Endoscopy 2019; 51(04): S79
DOI: 10.1055/s-0039-1681402
ESGE Days 2019 oral presentations
Friday, April 5, 2019 17:00 – 18:30: ESD esophagus Congress Hall
Georg Thieme Verlag KG Stuttgart · New York

ENDOSCOPIC SUBMUCOSAL DISSECTION FOR BARRETT'S ESOPHAGUS LARGE OR FIBROTIC VISIBLE LESIONS: A BICENTRIC WESTERN COUNTRY PROSPECTIVELY COLLECTED EXPERIENCE

AM Bucalau
1   Erasme University Hospital ULB, Brussels, Belgium
,
A Lemmers
1   Erasme University Hospital ULB, Brussels, Belgium
,
N Sidhu
2   Westmead University Hospital, Sydney, Australia
,
P Eisendrath
3   St Peter University Hospital, Brussels, Belgium
,
J Deviere
1   Erasme University Hospital ULB, Brussels, Belgium
,
M Bourke
2   Westmead University Hospital, Sydney, Australia
› Author Affiliations
Further Information

Publication History

Publication Date:
18 March 2019 (online)

 

Aims:

Some suspected submucosal or fibrotic Barrett esophagus (BE) lesions, have been proposed by the ESGE to be treated by endoscopic submucosal dissection (ESD). The aim of this study is to review two tertiary centers experience in the endoscopic treatment of early BE cancer by ESD.

Methods:

Clinical and technical data from Erasme Hospital (Brussels) and Westmead Hospital (Sydney) were prospectively collected from November 2013 to November 2018. Complete resection (R0) was defined as lateral and vertical margins clear of carcinoma while a curative resection was defined according to the ESGE guidelines.

Results:

Forty-nine patients, mostly women (58%), mean age of 73 years, presented a BE with a median circumference (C) of 1 (0 – 16)cm and maximal length (M) of 4.5 (0.5 – 18)cm. Each had a visible lesion of 30 (10 – 100)mm suitable for ESD. Median duration of the procedure was 90 minutes (IQR 60 – 122).

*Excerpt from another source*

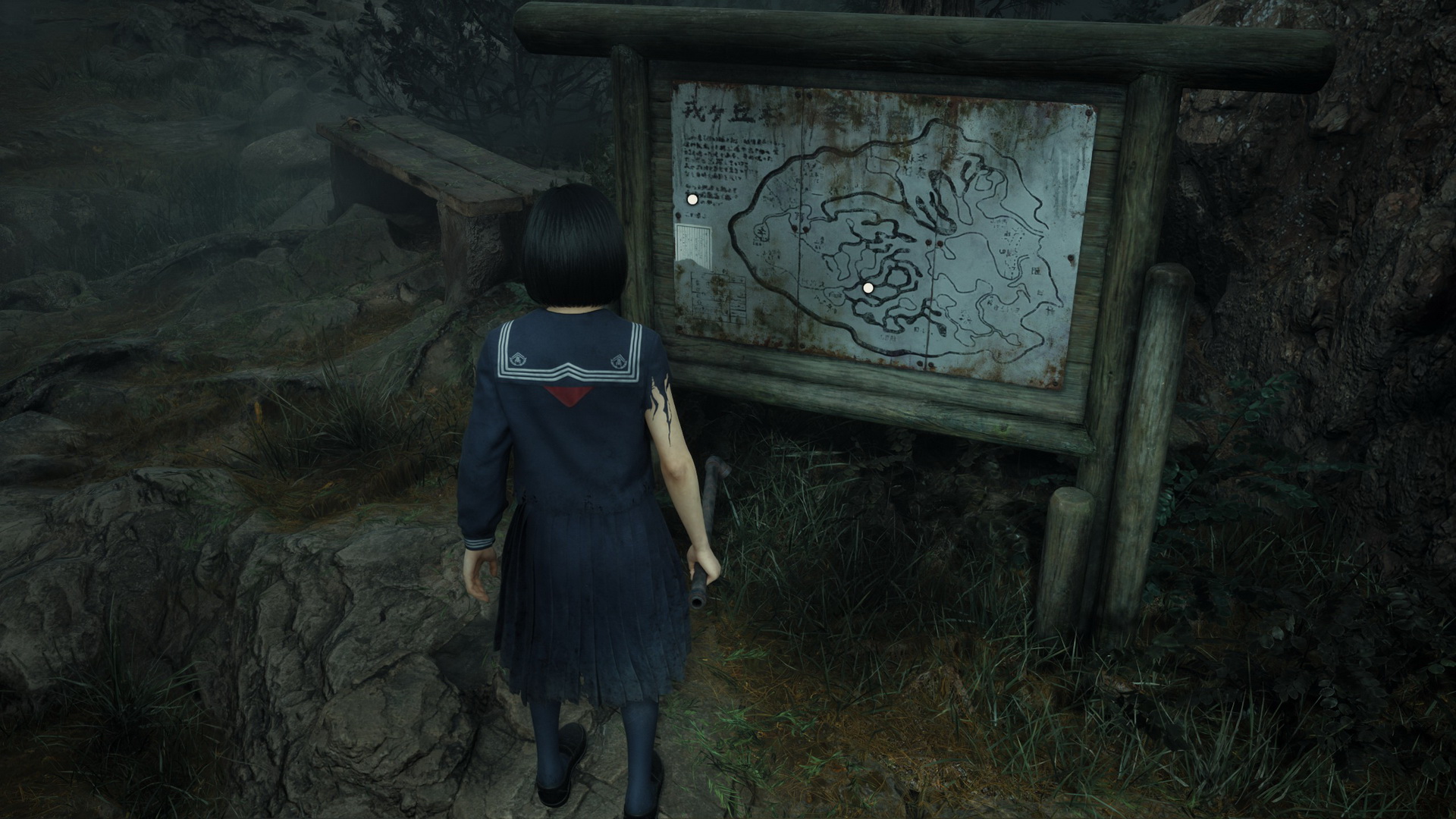 #2Location: Ebisugaoka Part 5 (NG+), on a bench at the top of the stairs next to the fifth Jizo statue.

En-bloc resection was achieved in 100% of the patients and a complete endoscopic resection in 94% of cases. 29% had more than 50% circumference resected. Median specimen size was of 45 (2 – 110)mm.

Pathological examination showed the presence of carcinoma in 82% of lesions (63% pT1a) with an R0 achieved in 76% of carcinoma. Curative resection was obtained in 65% of cases. For non curative resection, 4 patients were treated surgically and the others followed endoscopically. This follow-up was available for 34 patients among who 29% received ablation therapy for remnant BE eradication. The only complications needing an intervention were strictures in 18% of patients occurring despite steroid preventive treatment for large resections.

A 6 months endoscopy follow-up was obtained in 22 patients, disclosing 72% of cases free of neoplasia and 45% free of intestinal metaplasia.

Conclusions:

ESD for large or fibrotic BE lesions is showing favorable results in term of safety and efficacy combined to ablation therapy.